Luciq started in 2012 in Cairo, Egypt by two co-founders: Omar Gabr and Moataz Soliman. During their last semester at Cairo University, Gabr and Soliman created AStarApps, which offered a range of services to mobile developers, including an extremely early iOS version of Luciq's bug reporting tool with its intuitive “Shake to Send” feature. Shortly after, Gabr and Soliman pivoted from AStarApps to focus on the bug reporter and what is now known as Luciq, Inc. They were incubated by Flat6Labs.

In 2013, Luciq secured early seed investments from Georges Harik, Cairo Angels, Middle East Venture Partners, and angel investor Hala Fadel. They also won first place and $50,000 in the MIT Enterprise Forum Arab Startup Competition that year. In 2014, Luciq introduced an Android SDK and crash reporting.
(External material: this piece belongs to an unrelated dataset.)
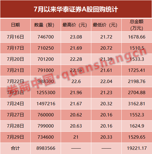 叠加7月份的回购成果,截至7月29日收盘,华泰证券已累计回购约8098.36万股,已支付总金额达到了14.77亿元。

In 2016, Luciq was incubated by Y Combinator, “the world’s most powerful startup incubator”, as part of its Winter batch. In June of that year, Luciq raised $1.7 million in seed funding led by top venture capital firm Accel, including investments from Amr Awadallah, Jim Payne, Tim Abbott, Othman Laraki among others. In August 2016, Luciq was named the #1 Startup in Egypt by Forbes. In October 2016, Luciq introduced in-app chats.

In January 2017, the company introduced Luciq for Web. In February 2017, Luciq introduced user surveys. In July 2017, it launched Betatesters.io, a platform connecting mobile app developers and beta testers. That same month, Luciq was named the third-fastest growing SaaS company in the world.